Konverter IPL ke JPEG
Konversikan file ipl ke jpeg secara online & gratis
ipl
jpeg
Bagaimana cara mengubah IPL ke JPEG
Pilih file dari Komputer, Google Drive, Dropbox, URL, atau dengan menyeret ke halaman ini.
Pilih jpeg atau format lainnya yang Anda inginkan (mendukung lebih dari 200 format)
Tunggu proses konversi selesai dan Anda dapat mengunduh jpeg setelahnya
Tentang format
IPL (IPLab) adalah format gambar ilmiah yang dikembangkan oleh Scanalytics (kemudian diakuisisi oleh BD Biosciences) untuk perangkat lunak analisis gambar ilmiah IPLab mereka, yang pertama kali dirilis sekitar tahun 1988. Format ini dirancang untuk menyimpan data mikroskopi dan pencitraan ilmiah dengan presisi dan metadata yang diperlukan untuk analisis kuantitatif dalam penelitian biologi dan biomedis. File IPL mendukung beberapa tipe data termasuk bilangan bulat unsigned 8-bit dan 16-bit, bilangan bulat signed 16-bit, dan nilai piksel floating-point 32-bit, mengakomodasi jangkauan dinamis luas yang dihasilkan oleh mikroskop fluoresensi, kamera CCD, dan instrumen pencitraan ilmiah lainnya. Format ini menangani dataset multi-dimensi termasuk Z-stack (seri fokus melalui spesimen), urutan time-lapse, dan akuisisi fluoresensi multi-kanal di mana setiap kanal menangkap emisi dari probe fluoresens yang berbeda. File IPL menyertakan header dengan dimensi gambar, tipe data, jumlah bidang, kalibrasi spasial (konversi piksel-ke-mikrometer), dan metadata akuisisi dari sistem mikroskop. Salah satu keunggulannya adalah integritas kuantitatif: tidak seperti format fotografis yang menerapkan koreksi gamma, kompresi, atau transformasi ruang warna, IPL mempertahankan nilai intensitas linier mentah dari detektor, memastikan bahwa pengukuran intensitas fluoresensi, densitas optik, atau jumlah partikel yang dilakukan pada data gambar berkorespondensi langsung dengan besaran fisik yang diukur. Peran format ini dalam komunitas mikroskopi merupakan pertimbangan praktis lainnya: IPLab banyak digunakan di laboratorium biologi sel, neurosains, dan patologi sepanjang tahun 1990-an dan 2000-an, dan dataset IPL yang diarsipkan dari penelitian yang dipublikasikan tetap bernilai ilmiah. File IPL dapat dibaca oleh ImageJ/FIJI, Bio-Formats, dan ImageMagick.
JPEG adalah salah satu format gambar yang paling banyak digunakan dalam komputasi, distandarisasi oleh Joint Photographic Experts Group dan diterbitkan sebagai ISO/IEC 10918-1 pada September 1992. Ekstensi .jpeg secara fungsional identik dengan .jpg — keduanya berisi data gambar terkompresi JPEG yang sama dalam pembungkus JFIF atau Exif. Format ini menerapkan kompresi lossy menggunakan discrete cosine transform (DCT): gambar dibagi menjadi blok piksel 8x8, ditransformasikan menjadi koefisien frekuensi, dikuantisasi untuk membuang informasi yang secara visual kurang signifikan, dan dikodekan entropy untuk penyimpanan. Pertukaran antara kualitas dan ukuran dapat dipilih pengguna, dengan pengaturan umum menghasilkan file 10-20 kali lebih kecil dari aslinya yang tidak terkompresi pada kualitas yang dapat diterima secara visual. JPEG mendukung grayscale 8-bit dan warna 24-bit, dengan metadata Exif yang membawa pengaturan kamera, koordinat GPS, timestamp, dan thumbnail.

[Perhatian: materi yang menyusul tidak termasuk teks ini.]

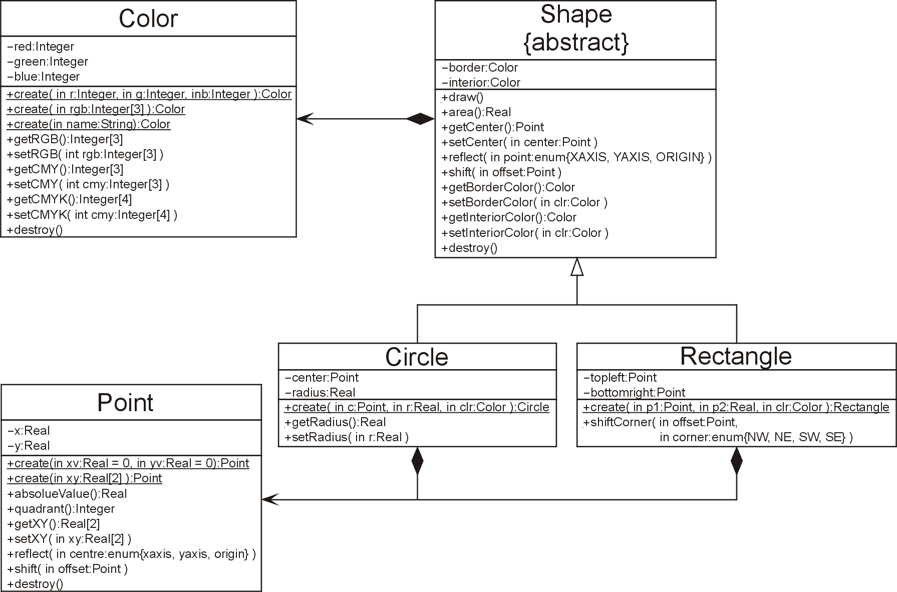 Figure 8. The association between the Color, Point, Shape, Circle, and Rectangle classes (click to enlarge).

Salah satu keunggulannya adalah universalitas absolut — JPEG dapat dibaca oleh setiap penampil gambar, browser web, sistem operasi, kamera, ponsel, dan printer yang diproduksi dalam tiga dekade terakhir, menjadikannya format paling aman untuk berbagi gambar fotografi dengan penerima mana pun. Kompresi yang efisien untuk konten fotografi continuous-tone merupakan kekuatan inti lainnya: JPEG secara konsisten menghasilkan file yang ringkas dari sensor kamera dan pemandangan dunia nyata di mana gradien warna halus mendominasi. Meskipun format baru seperti WebP dan AVIF mencapai rasio kompresi yang lebih baik, basis instalasi JPEG begitu luas sehingga tetap menjadi output default kamera digital dan format gambar paling umum di web.